Records for the exercise Block Start
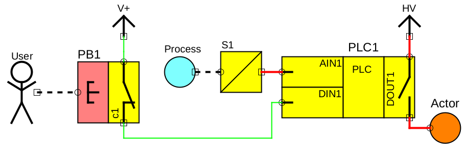 Let’s go back to the architecture shown in figure 19. There are three architecture components of class SOURCE: ‘User’, ‘V+’ and Process’. The component ‘Push-Button’ is of class RELAY, using a part of type SINK (the button) and a part of type CONTACT (the contact named ‘c1’). The component ‘Sensor’ is of class LINE, using a part of type SINK (including the left hand pin and some elements of the graphics) and a part of type SOURCE (including the right pin and some other elements of the graphics). The component ‘control’ is of class CONTROL, using two parts of type SINK (‘AIN1’ and ‘D_IN1’), a part of type LOGIC (‘PLC’) and a part of type CONTACT (‘DOUT1’). The component ‘Actor’ is of class ACTOR and uses one part of type SINK.
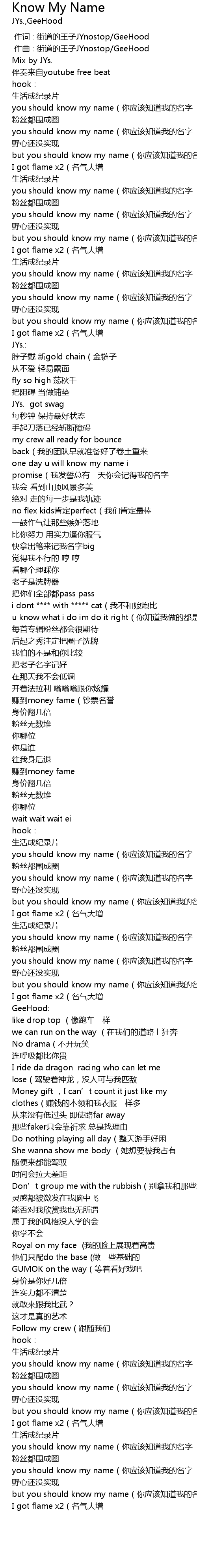 | [00:00.000] | 作词 : 街道的王子JYnostop/GeeHood |
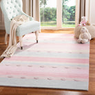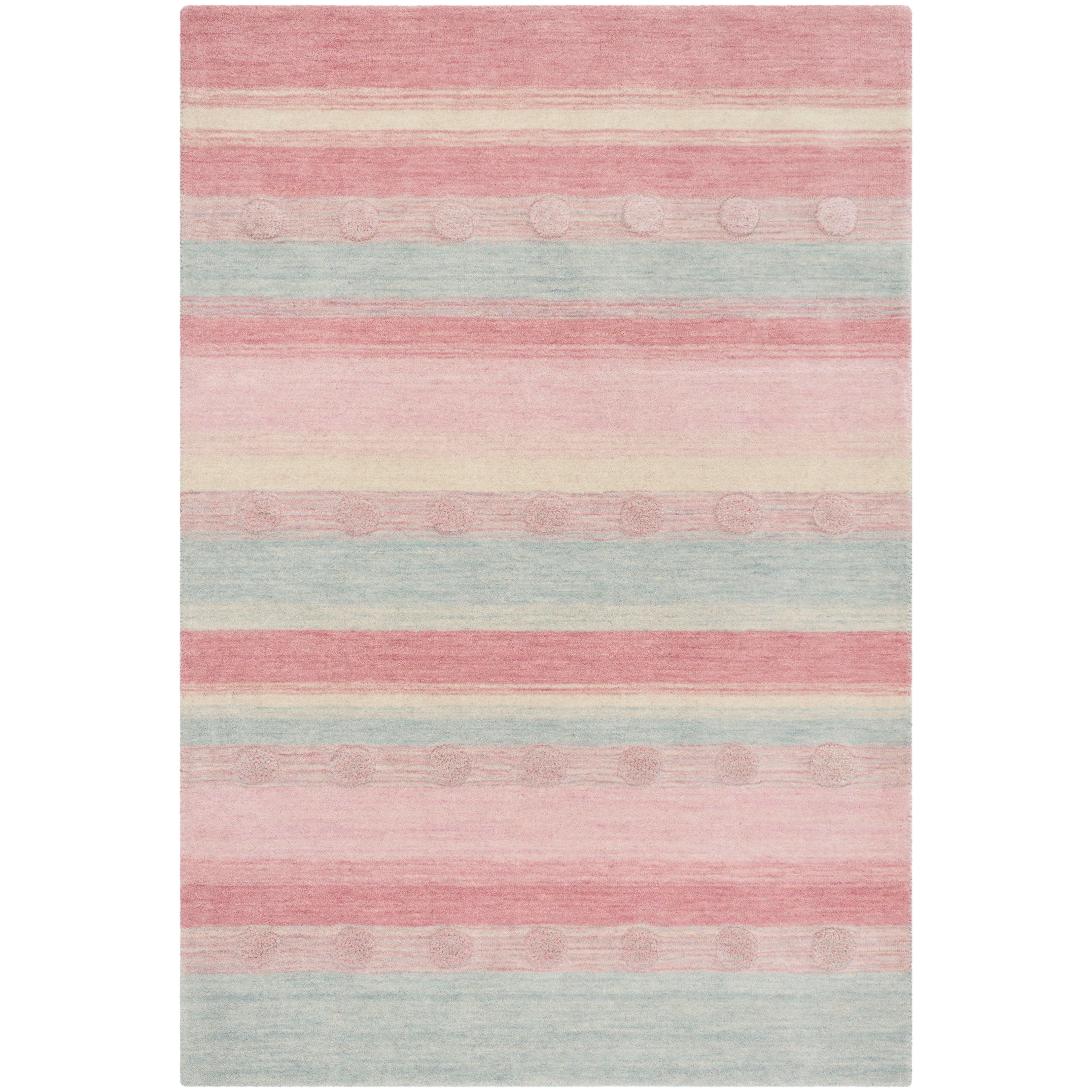 Safavieh Kids SFK801M in Light Blue Pink, a charming addition to any child's play area or bedroom. Hand-tufted with premium New Zealand wool, this rug offers a lush and warm feel underfoot, perfect for little ones to play and relax on. The soft colors of light blue and pink create a soothing atmosphere while adding a playful touch to the room's decor.
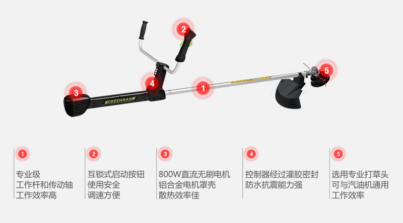 GREENMAN 電動割灌割草機從國內綠化管理的實際情況出發,選用800W大功率直流無刷電機和大直徑打草繩。在實現電動化的同時,又能滿足綠化養護的高效率。
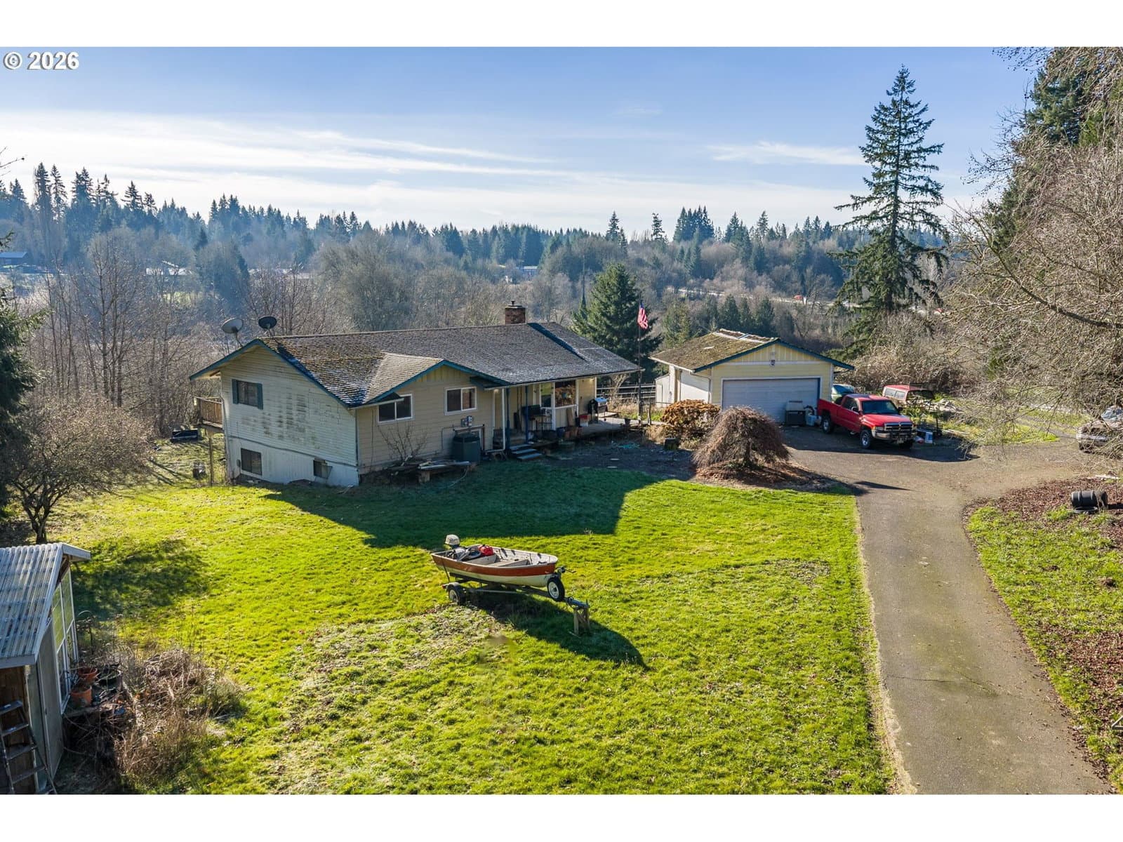 Private Acreage with Valley Views & Endless Potential. Set on 4.21 acres overlooking Salmon Creek below, this 2,508 sq ft home offers sweeping valley views and a peaceful, natural setting. Built in 1973, the property features 4 bedrooms and 2.5 bathrooms. The home is distressed and in need of TLC, offering an opportunity to restore and refresh over time. Outside, you’ll find a detached 2-car garage, huge 2160 sq. ft shop, greenhouse/studio, and solar panels, providing space and versatility rarely found together. With acreage, privacy, and scenic surroundings, this property offers a unique chance to enjoy country living with room to grow. The roof on the house is approx. 10 Years old. Cash or ReHab Loan ONLY! SEPTIC AND WELL INSPECTION COMPLETED AND PASSED!
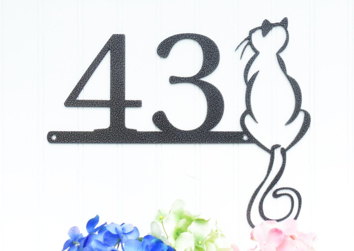 Custom Cat Metal House Number Silver Vein Laser Cut Steel Address Sign Custom Sign Metal Decorations
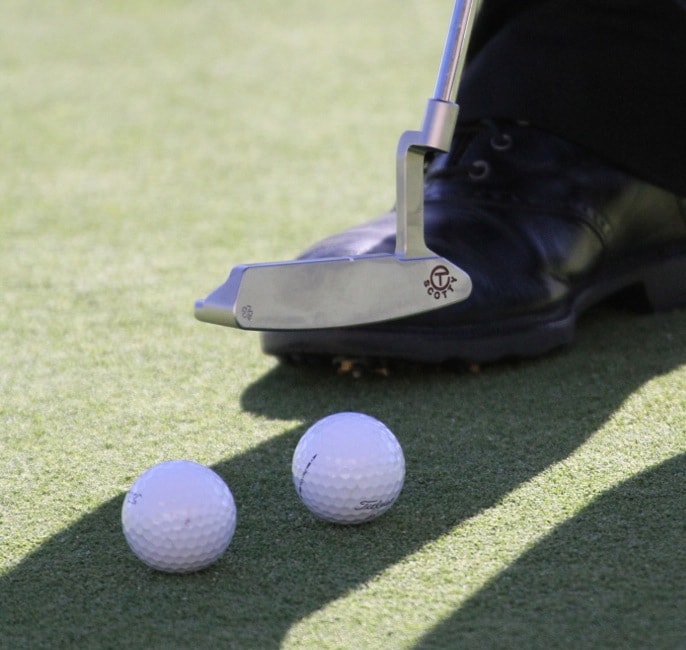 Bud putts with a Scotty Cameron Newport 2 Studio Select.
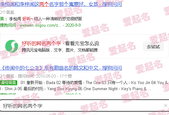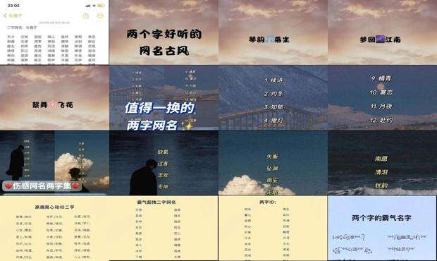 关于《好网名的两个字》内容。
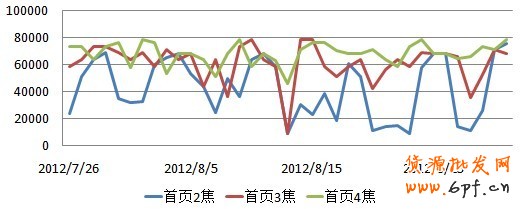 2焦周內(nèi)流量少一些,2000萬~3000萬PV,周末流量和3焦和4焦差不多,都有6000萬~7000萬PV;3焦和4焦周內(nèi)流量較穩(wěn)定,一般都在4000萬以上。
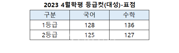 [베리타스알파=권수진 기자] 대성이 발표한 오후8시10분 기준 2023 4월학평(2022년 4월 모의고사) 표준점수 기준 예상 1등급컷은 국어 128점, 수학 136점이다. 2등급컷은 국어 125점, 수학 127점으로 봤다.
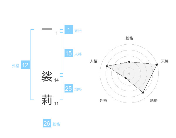 一 裟莉さんの総格は26画の2点!
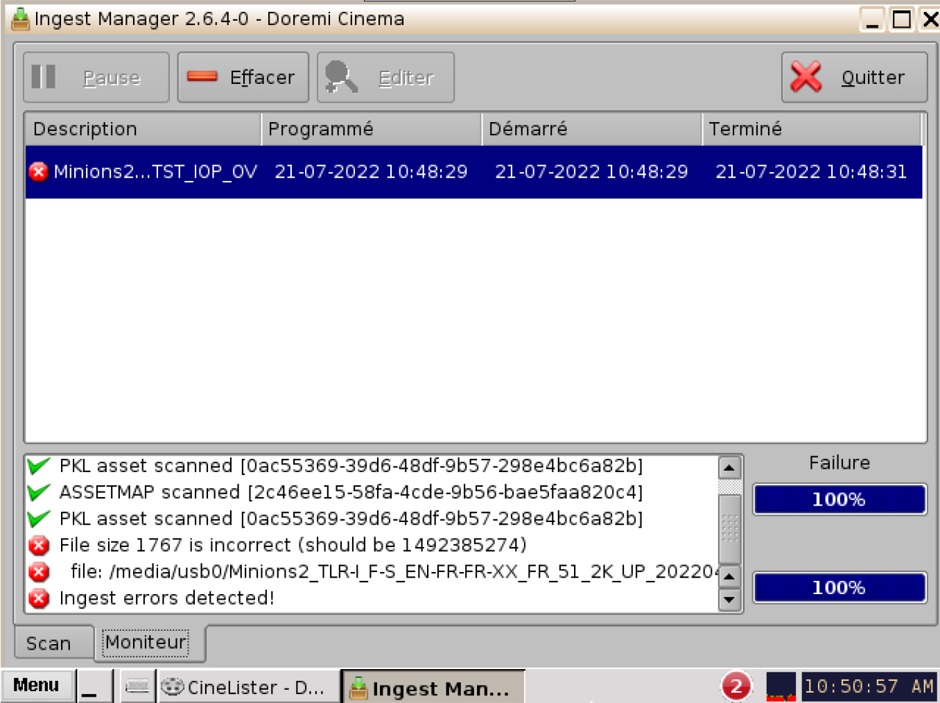 Et de faire les corrections éventuelles des problèmes de capacité et de sommes de contrôle rencontrés dans les fichiers CPL et/ou PKL et/ou ASSETMAP après avoir sauvegardé les originaux.
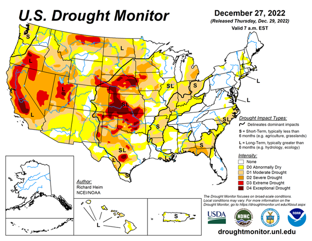 As of December 27, 2022, 41.50% of the U.S. and Puerto Rico and 49.65% of the lower 48 states are in drought, according to the U.S. Drought Monitor.
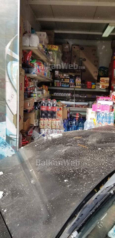 Nga fotot e siguruara nga BalkanWeb duket dhe një prej automjeteve i futur në një market anës rrugës.
Records for the exercise Block End
● **Work to be completed**
Reproduce all the entries above exactly. Include no images.

● **Exercise output**
 Let’s go back to the architecture shown in figure 19. There are three architecture components of class SOURCE: ‘User’, ‘V+’ and Process’. The component ‘Push-Button’ is of class RELAY, using a part of type SINK (the button) and a part of type CONTACT (the contact named ‘c1’). The component ‘Sensor’ is of class LINE, using a part of type SINK (including the left hand pin and some elements of the graphics) and a part of type SOURCE (including the right pin and some other elements of the graphics). The component ‘control’ is of class CONTROL, using two parts of type SINK (‘AIN1’ and ‘D_IN1’), a part of type LOGIC (‘PLC’) and a part of type CONTACT (‘DOUT1’). The component ‘Actor’ is of class ACTOR and uses one part of type SINK.
 | [00:00.000] | 作词 : 街道的王子JYnostop/GeeHood |
 Safavieh Kids SFK801M in Light Blue Pink, a charming addition to any child's play area or bedroom. Hand-tufted with premium New Zealand wool, this rug offers a lush and warm feel underfoot, perfect for little ones to play and relax on. The soft colors of light blue and pink create a soothing atmosphere while adding a playful touch to the room's decor.
 GREENMAN 電動割灌割草機從國內綠化管理的實際情況出發,選用800W大功率直流無刷電機和大直徑打草繩。在實現電動化的同時,又能滿足綠化養護的高效率。
 Private Acreage with Valley Views & Endless Potential. Set on 4.21 acres overlooking Salmon Creek below, this 2,508 sq ft home offers sweeping valley views and a peaceful, natural setting. Built in 1973, the property features 4 bedrooms and 2.5 bathrooms. The home is distressed and in need of TLC, offering an opportunity to restore and refresh over time. Outside, you’ll find a detached 2-car garage, huge 2160 sq. ft shop, greenhouse/studio, and solar panels, providing space and versatility rarely found together. With acreage, privacy, and scenic surroundings, this property offers a unique chance to enjoy country living with room to grow. The roof on the house is approx. 10 Years old. Cash or ReHab Loan ONLY! SEPTIC AND WELL INSPECTION COMPLETED AND PASSED!
 Custom Cat Metal House Number Silver Vein Laser Cut Steel Address Sign Custom Sign Metal Decorations
 Bud putts with a Scotty Cameron Newport 2 Studio Select.
 关于《好网名的两个字》内容。
 2焦周內(nèi)流量少一些,2000萬~3000萬PV,周末流量和3焦和4焦差不多,都有6000萬~7000萬PV;3焦和4焦周內(nèi)流量較穩(wěn)定,一般都在4000萬以上。
 [베리타스알파=권수진 기자] 대성이 발표한 오후8시10분 기준 2023 4월학평(2022년 4월 모의고사) 표준점수 기준 예상 1등급컷은 국어 128점, 수학 136점이다. 2등급컷은 국어 125점, 수학 127점으로 봤다.
 一 裟莉さんの総格は26画の2点!
 Et de faire les corrections éventuelles des problèmes de capacité et de sommes de contrôle rencontrés dans les fichiers CPL et/ou PKL et/ou ASSETMAP après avoir sauvegardé les originaux.
 As of December 27, 2022, 41.50% of the U.S. and Puerto Rico and 49.65% of the lower 48 states are in drought, according to the U.S. Drought Monitor.
 Nga fotot e siguruara nga BalkanWeb duket dhe një prej automjeteve i futur në një market anës rrugës.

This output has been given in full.